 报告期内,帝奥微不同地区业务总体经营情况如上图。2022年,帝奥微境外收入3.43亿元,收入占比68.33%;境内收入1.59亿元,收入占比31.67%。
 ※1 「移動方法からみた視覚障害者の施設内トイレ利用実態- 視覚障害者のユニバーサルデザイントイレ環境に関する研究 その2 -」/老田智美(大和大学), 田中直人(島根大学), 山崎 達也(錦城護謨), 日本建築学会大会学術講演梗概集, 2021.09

...

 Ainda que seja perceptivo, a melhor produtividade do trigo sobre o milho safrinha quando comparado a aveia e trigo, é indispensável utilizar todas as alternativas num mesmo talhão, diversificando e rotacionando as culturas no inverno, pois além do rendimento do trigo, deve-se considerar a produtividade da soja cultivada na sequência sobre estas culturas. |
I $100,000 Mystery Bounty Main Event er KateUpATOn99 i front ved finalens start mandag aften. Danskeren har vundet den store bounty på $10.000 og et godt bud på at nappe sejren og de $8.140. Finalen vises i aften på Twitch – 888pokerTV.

- [Exercise brief]: The line above containing "报告期内,帝奥微不同地区业务", the line containing "達也(錦城護謨), 日本建築学会大会学術講演梗概集, 2021.09", and every line between them are to be transcribed exactly; no other line is wanted.

- [Exercise answer]:
 报告期内,帝奥微不同地区业务总体经营情况如上图。2022年,帝奥微境外收入3.43亿元,收入占比68.33%;境内收入1.59亿元,收入占比31.67%。
 ※1 「移動方法からみた視覚障害者の施設内トイレ利用実態- 視覚障害者のユニバーサルデザイントイレ環境に関する研究 その2 -」/老田智美(大和大学), 田中直人(島根大学), 山崎 達也(錦城護謨), 日本建築学会大会学術講演梗概集, 2021.09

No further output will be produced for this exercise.